GOAL OF THE EXERCISE: Report the count of lines in the listing below that include the string "size", with no other text.

===

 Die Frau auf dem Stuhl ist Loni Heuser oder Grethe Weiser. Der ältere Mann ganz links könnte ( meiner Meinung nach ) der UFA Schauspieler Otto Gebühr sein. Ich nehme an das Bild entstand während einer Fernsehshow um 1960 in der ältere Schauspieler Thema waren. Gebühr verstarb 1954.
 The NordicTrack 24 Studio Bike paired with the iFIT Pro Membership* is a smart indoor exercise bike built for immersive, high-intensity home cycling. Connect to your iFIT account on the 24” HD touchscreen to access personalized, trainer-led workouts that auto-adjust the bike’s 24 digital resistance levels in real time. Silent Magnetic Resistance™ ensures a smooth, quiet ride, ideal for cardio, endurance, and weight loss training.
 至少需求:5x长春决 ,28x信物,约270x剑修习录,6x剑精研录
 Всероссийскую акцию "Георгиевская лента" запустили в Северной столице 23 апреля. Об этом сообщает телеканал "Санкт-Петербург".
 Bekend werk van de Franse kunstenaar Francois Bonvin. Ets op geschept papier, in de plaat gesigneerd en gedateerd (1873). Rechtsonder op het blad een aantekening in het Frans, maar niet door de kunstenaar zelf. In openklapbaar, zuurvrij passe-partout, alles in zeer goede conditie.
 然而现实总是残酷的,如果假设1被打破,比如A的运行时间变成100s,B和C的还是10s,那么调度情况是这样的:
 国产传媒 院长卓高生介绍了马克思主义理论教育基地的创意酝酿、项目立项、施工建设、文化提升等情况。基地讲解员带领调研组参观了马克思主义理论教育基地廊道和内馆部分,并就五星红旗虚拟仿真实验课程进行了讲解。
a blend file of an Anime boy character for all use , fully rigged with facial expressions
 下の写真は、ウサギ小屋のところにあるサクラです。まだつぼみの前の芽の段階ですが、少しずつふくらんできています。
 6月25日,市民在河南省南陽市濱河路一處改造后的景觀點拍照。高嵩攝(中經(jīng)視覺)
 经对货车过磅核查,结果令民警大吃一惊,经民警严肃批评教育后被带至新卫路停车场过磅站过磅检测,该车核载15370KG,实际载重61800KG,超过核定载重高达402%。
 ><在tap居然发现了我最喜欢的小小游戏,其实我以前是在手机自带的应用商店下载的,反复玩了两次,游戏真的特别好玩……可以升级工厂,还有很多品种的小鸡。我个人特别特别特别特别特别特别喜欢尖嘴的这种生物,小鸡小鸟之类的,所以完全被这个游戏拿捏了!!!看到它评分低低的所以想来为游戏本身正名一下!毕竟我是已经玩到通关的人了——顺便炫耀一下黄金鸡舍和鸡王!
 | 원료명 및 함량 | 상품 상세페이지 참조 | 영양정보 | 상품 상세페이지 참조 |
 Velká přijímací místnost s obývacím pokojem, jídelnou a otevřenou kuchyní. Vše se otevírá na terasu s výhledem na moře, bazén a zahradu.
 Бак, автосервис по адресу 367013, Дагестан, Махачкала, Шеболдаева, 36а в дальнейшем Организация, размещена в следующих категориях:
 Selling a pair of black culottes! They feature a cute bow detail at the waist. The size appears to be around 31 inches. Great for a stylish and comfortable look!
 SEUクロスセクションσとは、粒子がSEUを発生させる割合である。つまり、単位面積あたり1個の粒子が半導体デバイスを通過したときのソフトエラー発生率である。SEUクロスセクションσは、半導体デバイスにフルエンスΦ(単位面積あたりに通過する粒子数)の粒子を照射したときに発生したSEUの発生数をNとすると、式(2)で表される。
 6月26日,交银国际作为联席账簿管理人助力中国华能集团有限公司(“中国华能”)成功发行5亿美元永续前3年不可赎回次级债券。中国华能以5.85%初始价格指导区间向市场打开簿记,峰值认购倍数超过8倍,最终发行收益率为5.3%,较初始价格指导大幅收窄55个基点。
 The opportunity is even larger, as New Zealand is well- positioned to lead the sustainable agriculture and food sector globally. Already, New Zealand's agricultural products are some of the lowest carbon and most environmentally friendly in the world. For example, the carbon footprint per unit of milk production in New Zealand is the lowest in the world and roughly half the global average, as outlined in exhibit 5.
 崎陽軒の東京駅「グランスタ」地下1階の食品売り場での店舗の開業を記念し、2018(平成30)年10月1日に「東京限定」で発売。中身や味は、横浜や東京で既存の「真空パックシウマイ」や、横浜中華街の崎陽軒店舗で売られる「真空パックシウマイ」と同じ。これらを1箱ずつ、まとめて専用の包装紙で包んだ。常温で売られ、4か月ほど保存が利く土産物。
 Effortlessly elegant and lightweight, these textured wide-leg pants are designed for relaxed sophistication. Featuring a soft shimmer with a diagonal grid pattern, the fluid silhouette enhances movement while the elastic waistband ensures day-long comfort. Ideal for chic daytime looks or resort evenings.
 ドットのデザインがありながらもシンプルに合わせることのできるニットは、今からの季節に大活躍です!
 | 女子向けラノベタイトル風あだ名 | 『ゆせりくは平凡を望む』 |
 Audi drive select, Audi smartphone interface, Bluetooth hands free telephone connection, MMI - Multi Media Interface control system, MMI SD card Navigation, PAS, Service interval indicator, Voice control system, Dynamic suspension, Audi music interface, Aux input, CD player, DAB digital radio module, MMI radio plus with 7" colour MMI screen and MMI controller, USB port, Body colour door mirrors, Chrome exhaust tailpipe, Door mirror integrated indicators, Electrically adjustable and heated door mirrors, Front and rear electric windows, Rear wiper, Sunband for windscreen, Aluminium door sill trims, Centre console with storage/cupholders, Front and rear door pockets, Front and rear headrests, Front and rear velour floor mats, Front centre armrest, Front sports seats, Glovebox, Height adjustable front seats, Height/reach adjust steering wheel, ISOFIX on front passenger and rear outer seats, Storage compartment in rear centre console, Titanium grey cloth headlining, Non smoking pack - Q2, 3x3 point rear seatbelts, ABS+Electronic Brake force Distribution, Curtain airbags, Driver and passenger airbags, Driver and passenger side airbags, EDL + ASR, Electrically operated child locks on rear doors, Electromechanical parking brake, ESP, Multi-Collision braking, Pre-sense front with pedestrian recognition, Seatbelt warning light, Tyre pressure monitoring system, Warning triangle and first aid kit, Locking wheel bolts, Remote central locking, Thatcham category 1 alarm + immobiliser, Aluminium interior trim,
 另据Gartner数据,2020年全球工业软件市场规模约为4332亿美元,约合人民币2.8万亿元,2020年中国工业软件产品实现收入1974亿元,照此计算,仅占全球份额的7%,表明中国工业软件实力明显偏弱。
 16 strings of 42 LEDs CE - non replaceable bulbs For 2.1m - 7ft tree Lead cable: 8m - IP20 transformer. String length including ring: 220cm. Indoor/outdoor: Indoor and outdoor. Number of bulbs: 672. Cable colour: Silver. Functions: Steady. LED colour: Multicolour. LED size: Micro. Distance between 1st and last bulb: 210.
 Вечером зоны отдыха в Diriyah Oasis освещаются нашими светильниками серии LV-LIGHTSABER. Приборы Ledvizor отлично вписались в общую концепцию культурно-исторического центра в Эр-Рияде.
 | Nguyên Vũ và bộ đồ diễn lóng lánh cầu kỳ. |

===

TASK OUTPUT: 2